=== Work request ===
Please copy out the full listing that follows exactly; no picture belongs in the copy.

=== Given information ===
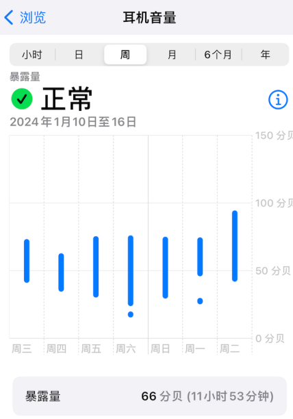 另外,很多手机里也可以统计耳机的音量情况。比如,苹果手机的健康模块中,就有这样的功能,你可以看看日常听音乐时候耳机音量是多少,有没有超过每周的“安全听力时间”。
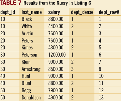 Функция RANK использует логическое группирование – это значит, что когда две или более строки в результирующем наборе имеют одинаковое значение в столбце, по которому производится упорядочение, эти строки будут иметь одинаковый ранг. Следующая строка будет иметь ранг равный единица плюс число строк, предшествовавших этой строке. Например, в таблице 6 имеется два сотрудника (Austin и Peters) из отдела 20 с одинаковой зарплатой. Эти два сотрудника имеют одинаковый ранг (1). Ранг другого сотрудника (Kimes) из этого отдела равен 3. Логическое группирование функции RANK приводит к тому, что числа, соответствующие рангам, идут не подряд, а с промежутками. Если вы не хотите отображать ранжированные строки с неиспользуемыми промежутками, то можете использовать функцию DENSE_RANK. Запрос в Листинге 6 показывает, как пользоваться этой функцией, а в таблице 7 показаны результаты применения запроса. Разницу между функциями DENSE_RANK и RANK можно видеть в строке с данными по сотруднику Kimes. В таблцице 7 в столбце dept_dense против фамилии Kimes стоит ранг 2 (а не 3, как в столбце dept_rank на Рисунке 6) и, таким образом, промежутков неиспользуемых чисел нет.
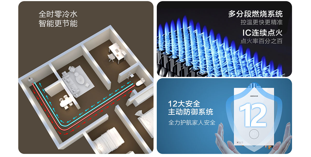 - 采⽤分段燃燒技術,⽔溫調節范圍更廣,速度更快
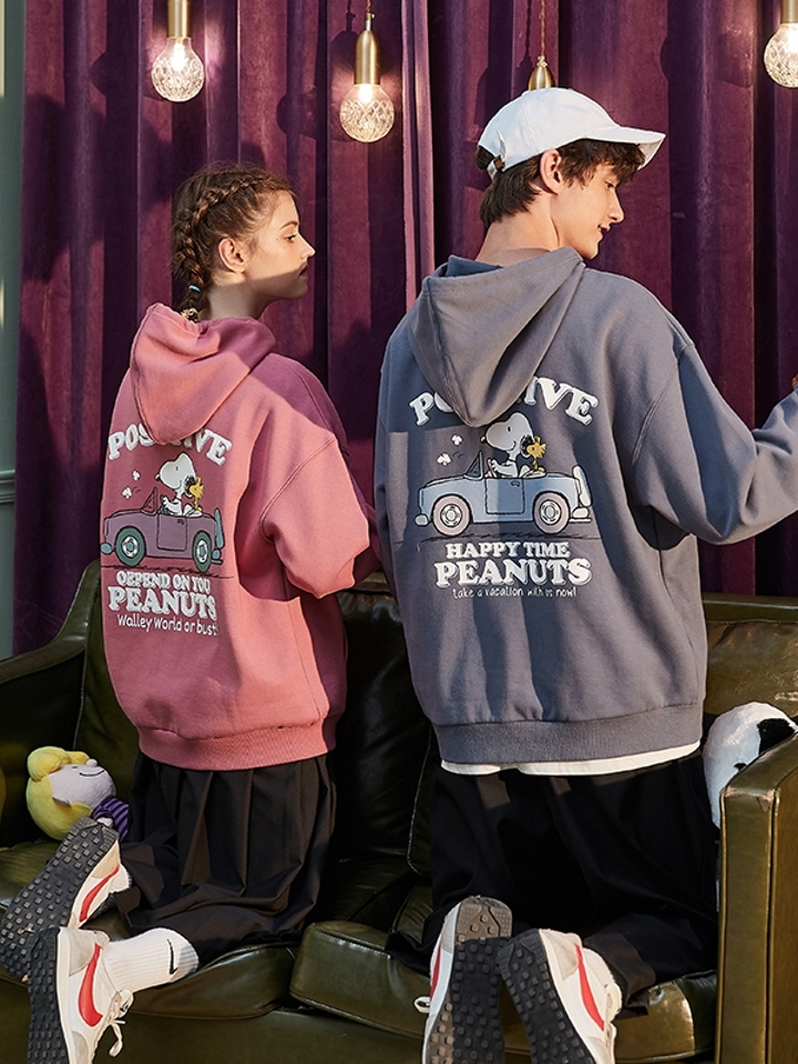 秋季新款情侣套头卫衣。个性的连帽卫衣,时尚潮流。独特的卡通印花图案非常可爱,很适合情侣们。

=== Result ===
 另外,很多手机里也可以统计耳机的音量情况。比如,苹果手机的健康模块中,就有这样的功能,你可以看看日常听音乐时候耳机音量是多少,有没有超过每周的“安全听力时间”。
 Функция RANK использует логическое группирование – это значит, что когда две или более строки в результирующем наборе имеют одинаковое значение в столбце, по которому производится упорядочение, эти строки будут иметь одинаковый ранг. Следующая строка будет иметь ранг равный единица плюс число строк, предшествовавших этой строке. Например, в таблице 6 имеется два сотрудника (Austin и Peters) из отдела 20 с одинаковой зарплатой. Эти два сотрудника имеют одинаковый ранг (1). Ранг другого сотрудника (Kimes) из этого отдела равен 3. Логическое группирование функции RANK приводит к тому, что числа, соответствующие рангам, идут не подряд, а с промежутками. Если вы не хотите отображать ранжированные строки с неиспользуемыми промежутками, то можете использовать функцию DENSE_RANK. Запрос в Листинге 6 показывает, как пользоваться этой функцией, а в таблице 7 показаны результаты применения запроса. Разницу между функциями DENSE_RANK и RANK можно видеть в строке с данными по сотруднику Kimes. В таблцице 7 в столбце dept_dense против фамилии Kimes стоит ранг 2 (а не 3, как в столбце dept_rank на Рисунке 6) и, таким образом, промежутков неиспользуемых чисел нет.
 - 采⽤分段燃燒技術,⽔溫調節范圍更廣,速度更快
 秋季新款情侣套头卫衣。个性的连帽卫衣,时尚潮流。独特的卡通印花图案非常可爱,很适合情侣们。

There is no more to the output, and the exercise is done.